The value of the Frenchmen Street building had increased tenfold since 1999. Thayer had to take out a loan to buy out Artaserse’s share and take full ownership of the building in April 2019.

By then, years of dealing with lawyers and CPAs had exhausted him. And as Frenchmen Street shifted from a predominantly local crowd to a tourist destination, he found himself going to his club less and less.

Burnt out and ready to move on, he resolved to put d.b.a. on the market right after the 2020 Mardi Gras. He figured he’d close on the sale after celebrating the club’s 20th anniversary during the 2020 Jazz Fest, then open a new bar in a different part of the city, where he could once again serve a local clientele.

In March 2020, the business and building went up for sale. But the onset of the coronavirus pandemic and the subsequent shutdown crushed the market for music venues.

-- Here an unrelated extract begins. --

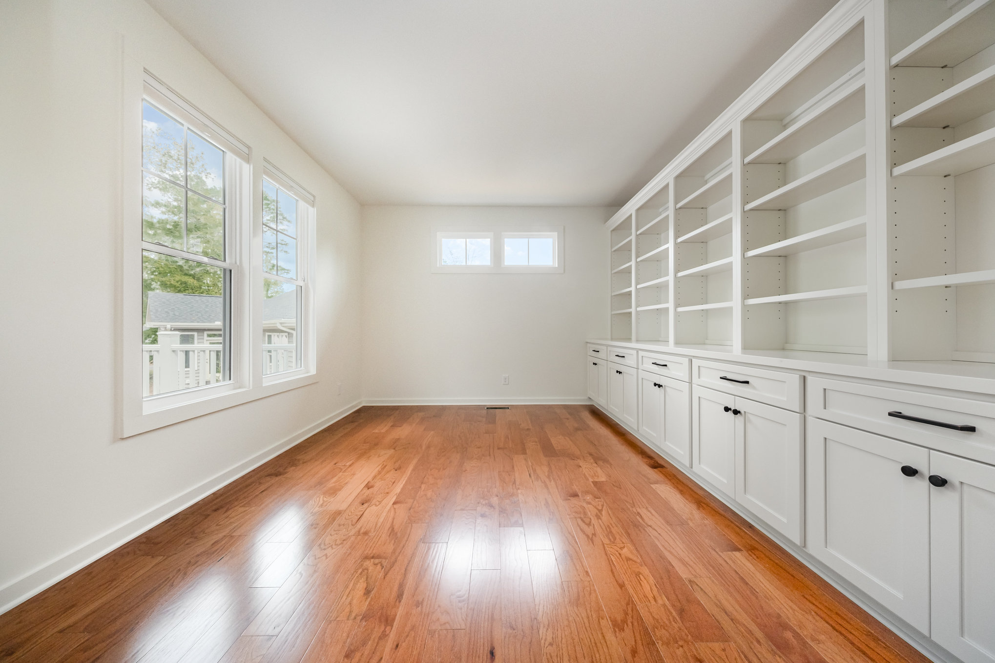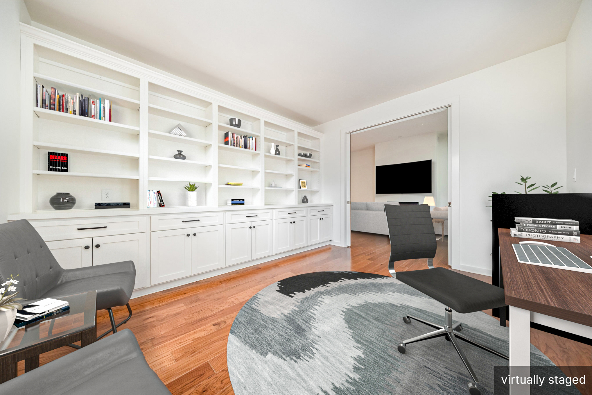 Adjacent to the primary suite is a study with built-ins and a lovely

Initial interest in the sale faded as the pandemic dragged on.

After declining a few low-ball offers, he started selling d.b.a. merchandise online and reinvented the club as a virtual venue. He launched “d.b.a. Live,” a collaboration with the live-streaming platform StageIt.com, in September 2020, to livestream performances.

In May 2021, Thayer founded the “d.b.a. at Palace Market” series, staging outdoor concerts in a former Frenchmen Street art market. The outdoor concert series shut down by November 2021, as indoor music returned.